_Task objective_: Write the records below out in full, character for character, with no pictures.

_Given data_:
┄┄┄┄┄┄

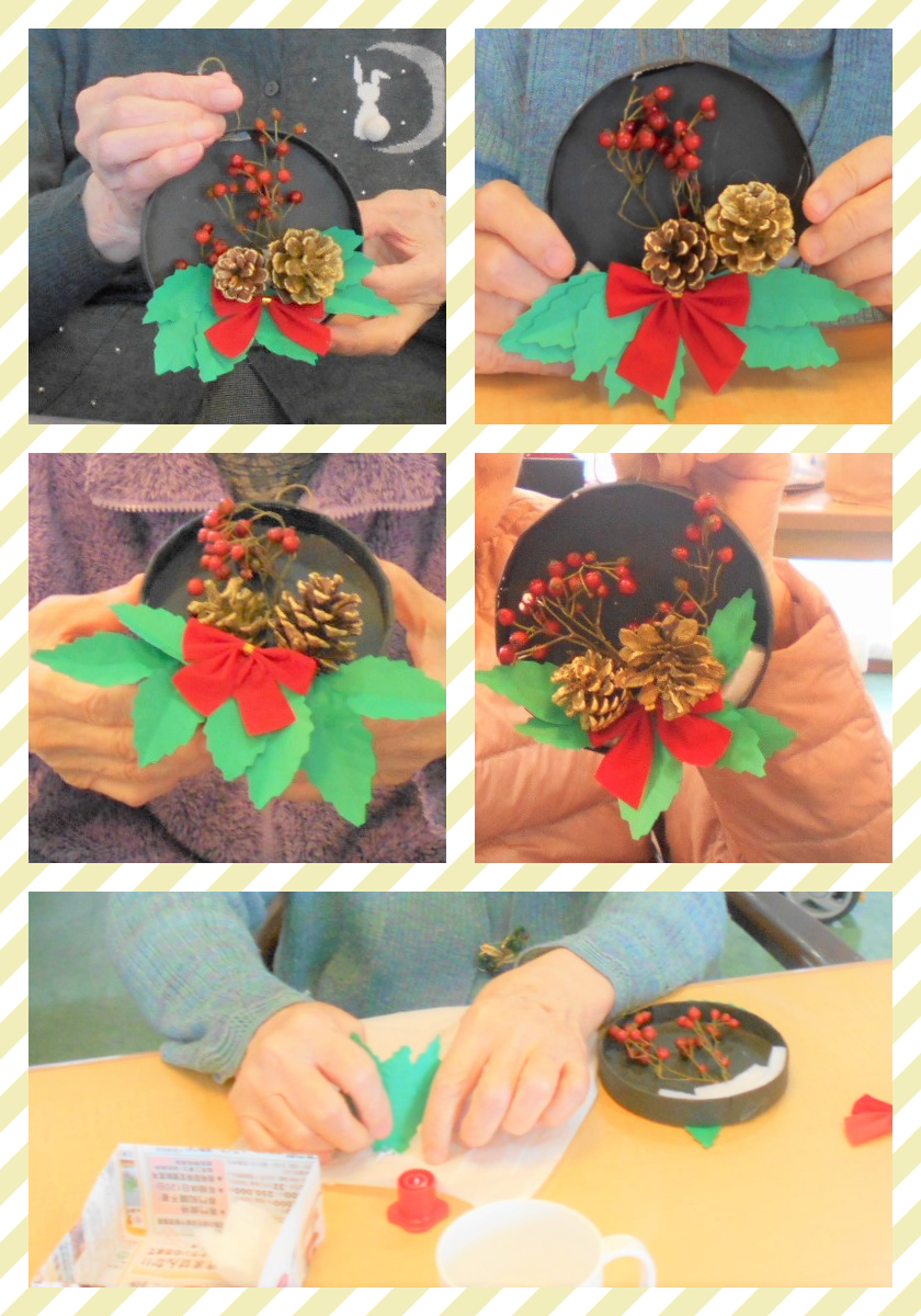 冬の足音を聞きながら、朋央でも一足早くクリスマスのリース作りに挑戦して頂きました。
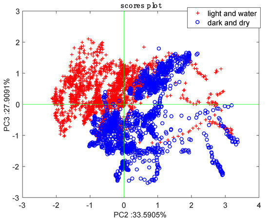 Since the illumination is drastically different, it was eliminated from the calculus of PCA. The first principal component carries most of the quantitative information; thus, the separation between the two plants is rather obvious and it can be directly observed in Figure 3. More interesting is to observe the behavior of the other two principal components where the influence of the magnitude of signals is reduced. The results of PCA are manifested by the scores and loadings plots. Figure 4 shows the scores plot with a clear separation between the two conditions. It is worth considering that the measures are dynamically evolving, and each parameter spans an overlap range of values throughout the day. Thus, the fact that most of the time, the two conditions are clearly separated is a not trivial result.
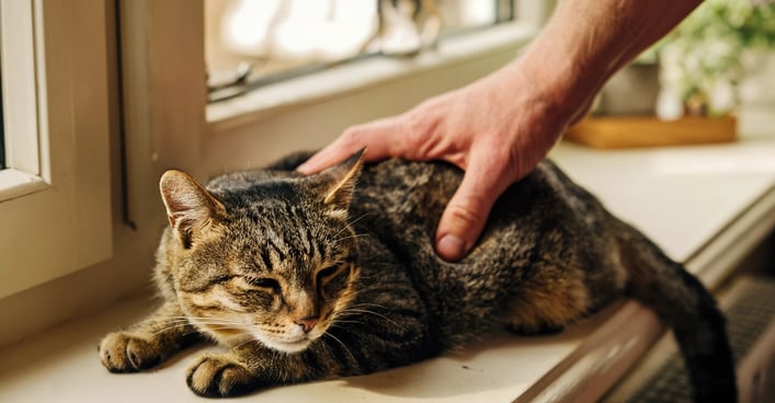 Acaricia a tu gato diariamente, sintiendo enredos, sensibilidad o puntos calvos.
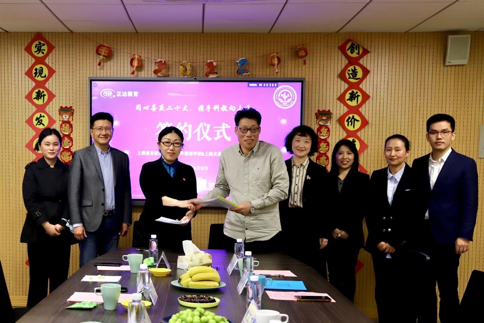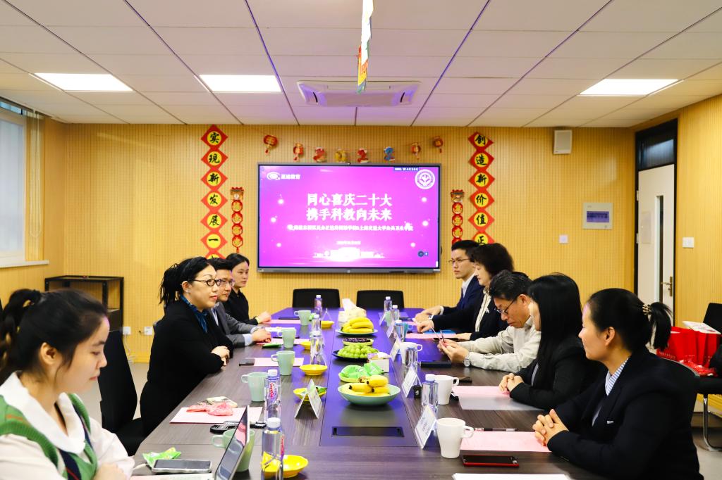 为深入贯彻党的二十大报告对教育强国、科技强国、人才强国等作出的明确指示,打造有灵魂的党建+科普创新工作模式,深度挖掘公共卫生与预防医学学科内涵与外延,持续探索青少年科普院校科普合作创新模式,10月18日,“同心喜庆二十大,携手科教向未来”公共卫生学院与上海浦东新区正达外国语学校科技教育合作签约仪式暨“科学家进课堂”活动启动。上海浦东新区正达外国语学校校长杨正家、党总支书记屠彩英、副校长邵美妮、课程室主任杜宪政和科技总辅导员祁铭华,公共卫生学党委书记黄荣、院长王慧等与会。签约仪式上,王慧与杨正家代表双方签署科技教育合作协议。
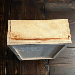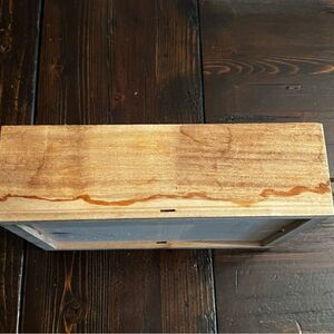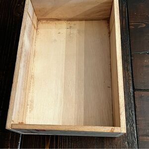 Rustic wooden storage box with natural wood tones. Perfect for organizing small items. The item has a Japanese writing on one side. The box is 11” L x 7 1/2” W x 3 1/2” H. This item will be a great addition to your decor.
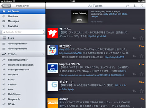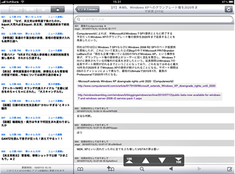 つい最近、iPadにも大規模掲示板「2ちゃんねる」の専用ビューワー「2tch」が公開された。「2tch」は、ブックマークや履歴、検索機能などを搭載し、お気に入りのスレッドを巡回できる。インターフェースはシンプルだが、書き込みが急増しているスレッドをチェックする機能もある。ウェブページよりも、格段に見やすい。
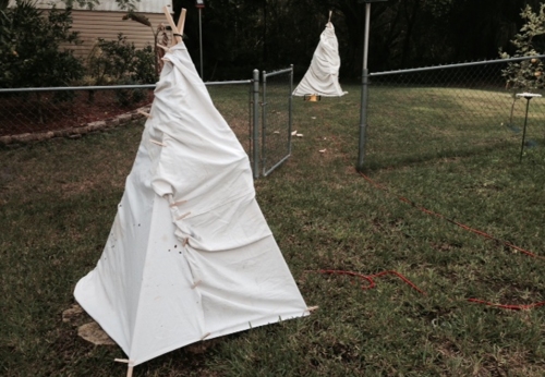 I made a simple teepee using three pieces of scrap wood and a tied wrap at the top.
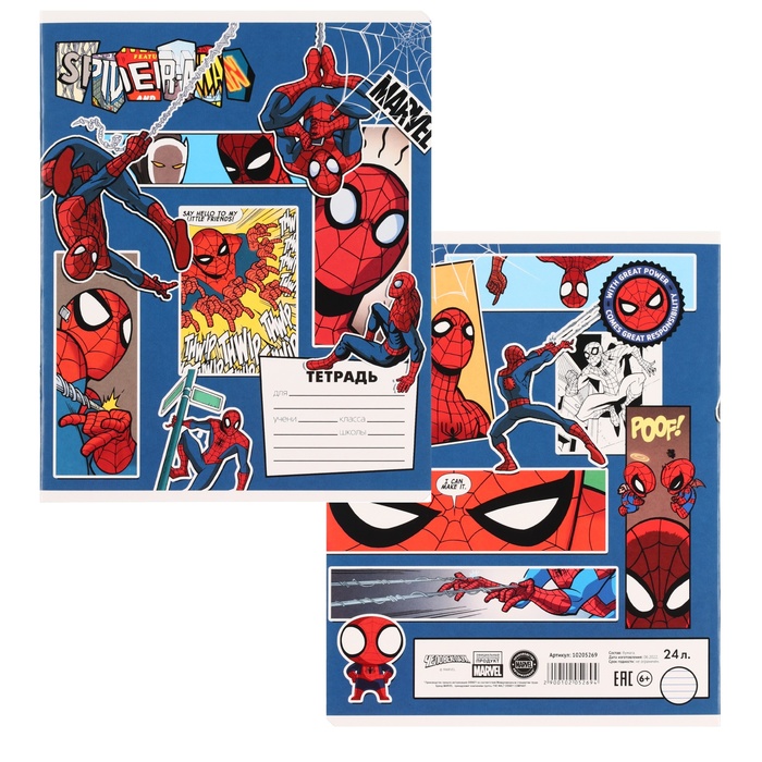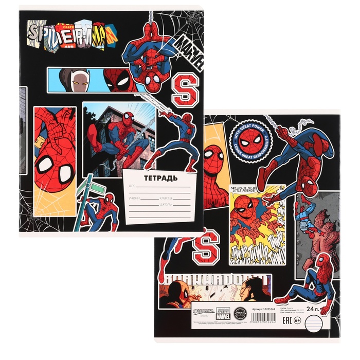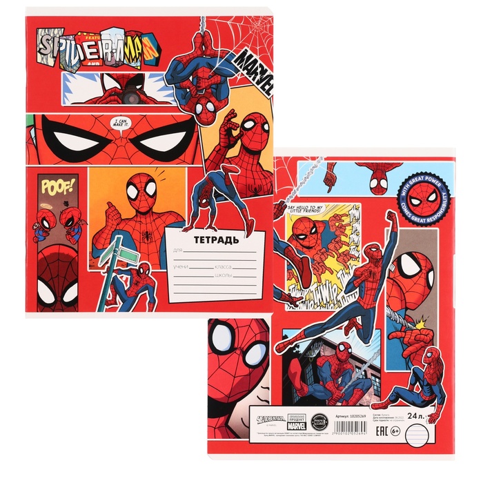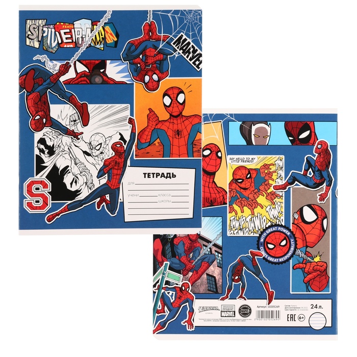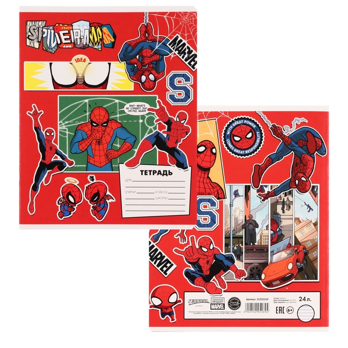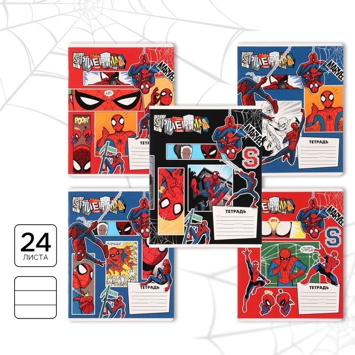 Тетрадь в линейку 24 листа, 5 видов МИКС, обложка мелованный картон, «Человек-паук» — Характеристики
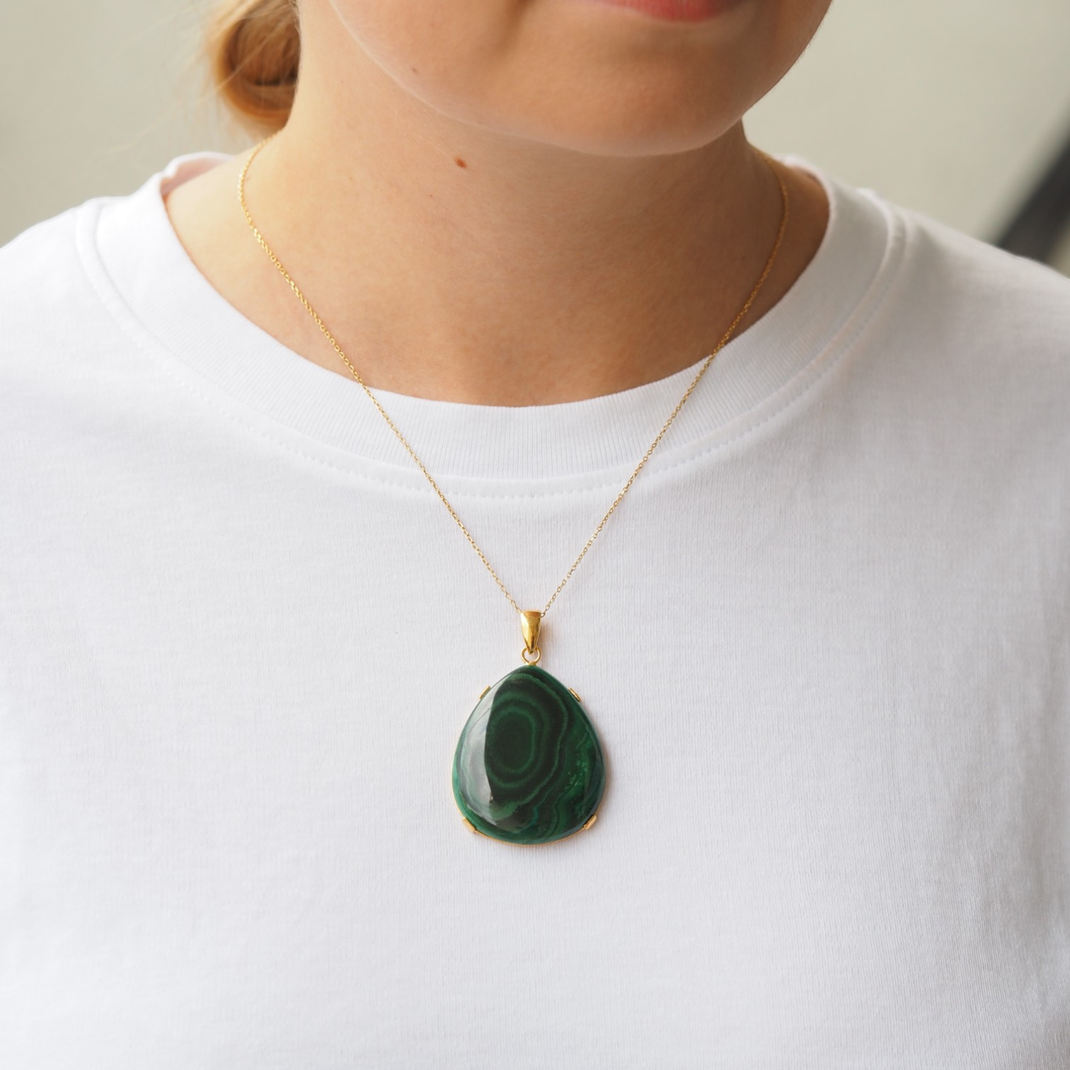 Duża, ręcznie wykonana zawieszka z naturalnym malachitem w intensywnie zielonym kolorze i wyrazistym rysunkiem pasm. Kamień osadzony został w prostej, pozłacanej oprawie ze srebra próby 925, pokrytej dodatkowo polimerem, który chroni złocenie przed ścieraniem i utlenianiem.
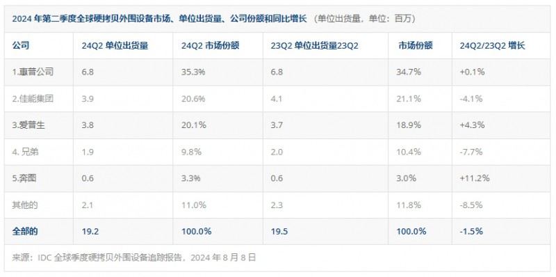 根據(jù)IDC全球季度硬拷貝外圍設(shè)備追蹤報告,第二季度全球打印設(shè)備(HCP)出貨量與去年同期相比下降了1.5%。

┄┄┄┄┄┄

_Solution to the exercise_:
 冬の足音を聞きながら、朋央でも一足早くクリスマスのリース作りに挑戦して頂きました。
 Since the illumination is drastically different, it was eliminated from the calculus of PCA. The first principal component carries most of the quantitative information; thus, the separation between the two plants is rather obvious and it can be directly observed in Figure 3. More interesting is to observe the behavior of the other two principal components where the influence of the magnitude of signals is reduced. The results of PCA are manifested by the scores and loadings plots. Figure 4 shows the scores plot with a clear separation between the two conditions. It is worth considering that the measures are dynamically evolving, and each parameter spans an overlap range of values throughout the day. Thus, the fact that most of the time, the two conditions are clearly separated is a not trivial result.
 Acaricia a tu gato diariamente, sintiendo enredos, sensibilidad o puntos calvos.
 为深入贯彻党的二十大报告对教育强国、科技强国、人才强国等作出的明确指示,打造有灵魂的党建+科普创新工作模式,深度挖掘公共卫生与预防医学学科内涵与外延,持续探索青少年科普院校科普合作创新模式,10月18日,“同心喜庆二十大,携手科教向未来”公共卫生学院与上海浦东新区正达外国语学校科技教育合作签约仪式暨“科学家进课堂”活动启动。上海浦东新区正达外国语学校校长杨正家、党总支书记屠彩英、副校长邵美妮、课程室主任杜宪政和科技总辅导员祁铭华,公共卫生学党委书记黄荣、院长王慧等与会。签约仪式上,王慧与杨正家代表双方签署科技教育合作协议。
 Rustic wooden storage box with natural wood tones. Perfect for organizing small items. The item has a Japanese writing on one side. The box is 11” L x 7 1/2” W x 3 1/2” H. This item will be a great addition to your decor.
 つい最近、iPadにも大規模掲示板「2ちゃんねる」の専用ビューワー「2tch」が公開された。「2tch」は、ブックマークや履歴、検索機能などを搭載し、お気に入りのスレッドを巡回できる。インターフェースはシンプルだが、書き込みが急増しているスレッドをチェックする機能もある。ウェブページよりも、格段に見やすい。
 I made a simple teepee using three pieces of scrap wood and a tied wrap at the top.
 Тетрадь в линейку 24 листа, 5 видов МИКС, обложка мелованный картон, «Человек-паук» — Характеристики
 Duża, ręcznie wykonana zawieszka z naturalnym malachitem w intensywnie zielonym kolorze i wyrazistym rysunkiem pasm. Kamień osadzony został w prostej, pozłacanej oprawie ze srebra próby 925, pokrytej dodatkowo polimerem, który chroni złocenie przed ścieraniem i utlenianiem.
 根據(jù)IDC全球季度硬拷貝外圍設(shè)備追蹤報告,第二季度全球打印設(shè)備(HCP)出貨量與去年同期相比下降了1.5%。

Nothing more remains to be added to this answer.